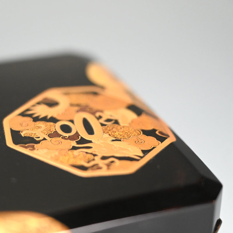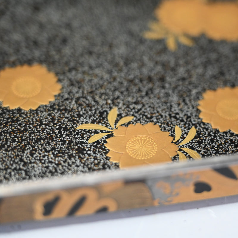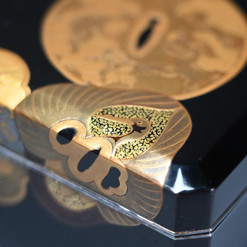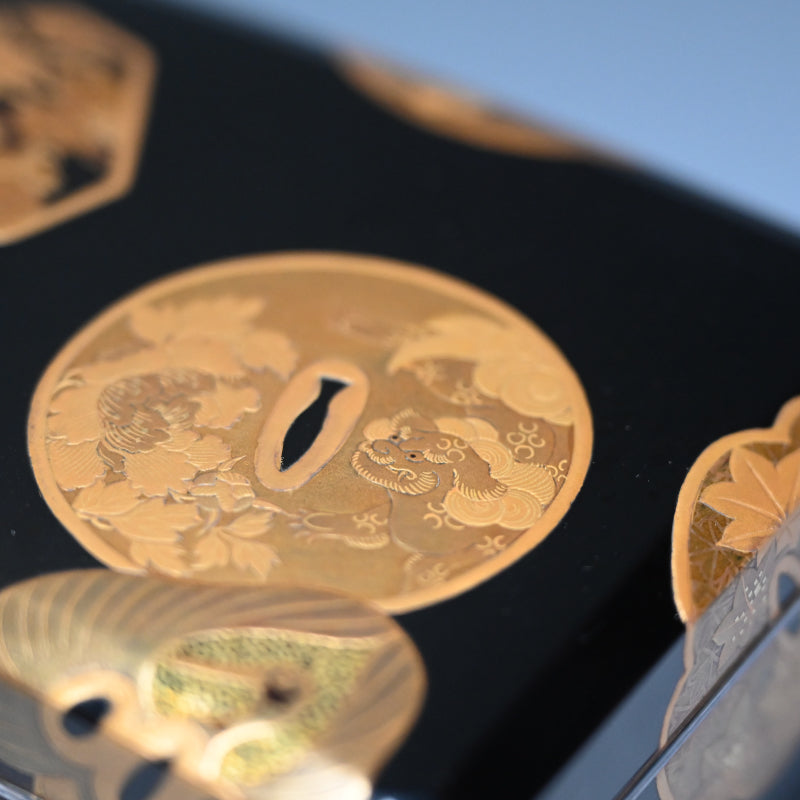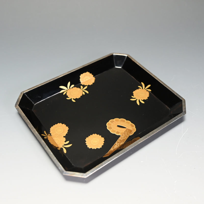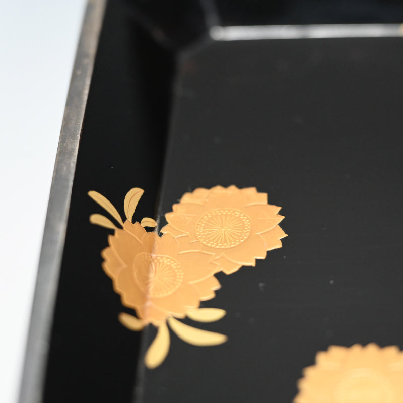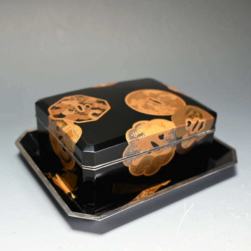 20世紀初頭の漆黒の鏡面に金の鍔をあしらった美しい漆塗りの木箱4個と盆を、4段の黒漆塗りの木箱に収めました。内側は銀梨地で、桜が散りばめられています。盆の縁は純銀製で、良心銘が入っています。箱のサイズは13.5 x 10.5 x 5.7 cm、盆のサイズは17.6 x 14.6 x 1.7 cmで、全体的に良好な状態です。
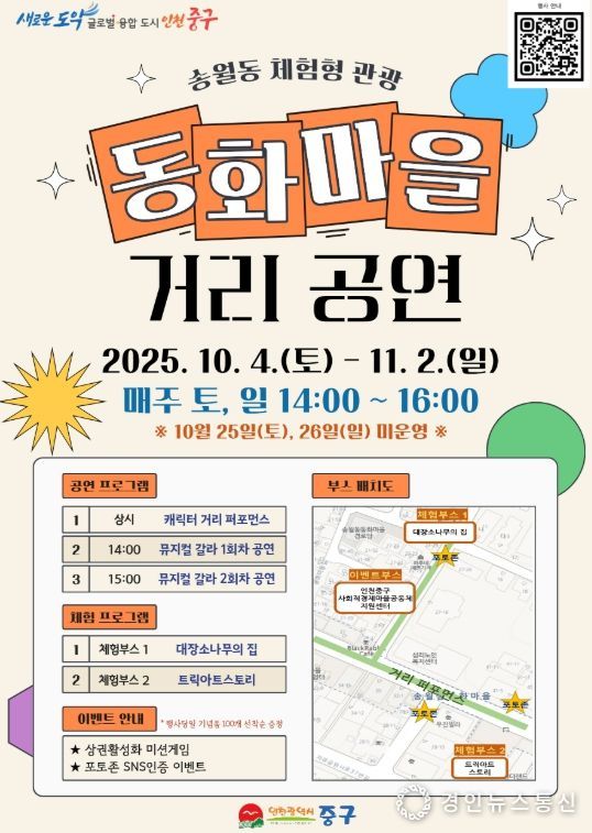 경인뉴스통신 김종득 기자 | 인천시 중구는 축제의 계절 가을을 맞이해 송월동 동화마을 일대에서 ‘체험형 관광 프로그램’을 운영한다고 1일 밝혔다.
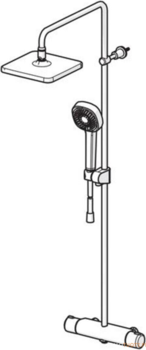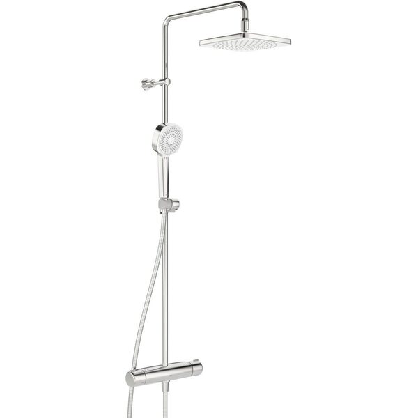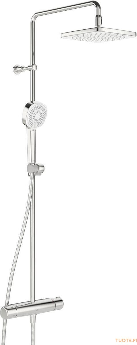 Termostaattinen sadesuihkuhana, jossa on pyöreänkulmikas, 200 x 200 mm kattosuihku, 3-toiminen Oras Apollo Style -käsisuihku (ø 95 mm), käsisuihkun pidike, suihkuletku ja suihkutanko. Lämmönsäätökahvassa on lämpötilanrajoitin, joka voidaan ohittaa nappia painamalla. Ecoflow-virtaamasäädin. Hanassa on roskasihdit ja yksisuuntaventtiilit.

=== Problem requirements ===
Restate the data above word for word, so that the only difference is the missing pictures.

=== Your response ===
 20世紀初頭の漆黒の鏡面に金の鍔をあしらった美しい漆塗りの木箱4個と盆を、4段の黒漆塗りの木箱に収めました。内側は銀梨地で、桜が散りばめられています。盆の縁は純銀製で、良心銘が入っています。箱のサイズは13.5 x 10.5 x 5.7 cm、盆のサイズは17.6 x 14.6 x 1.7 cmで、全体的に良好な状態です。
 경인뉴스통신 김종득 기자 | 인천시 중구는 축제의 계절 가을을 맞이해 송월동 동화마을 일대에서 ‘체험형 관광 프로그램’을 운영한다고 1일 밝혔다.
 Termostaattinen sadesuihkuhana, jossa on pyöreänkulmikas, 200 x 200 mm kattosuihku, 3-toiminen Oras Apollo Style -käsisuihku (ø 95 mm), käsisuihkun pidike, suihkuletku ja suihkutanko. Lämmönsäätökahvassa on lämpötilanrajoitin, joka voidaan ohittaa nappia painamalla. Ecoflow-virtaamasäädin. Hanassa on roskasihdit ja yksisuuntaventtiilit.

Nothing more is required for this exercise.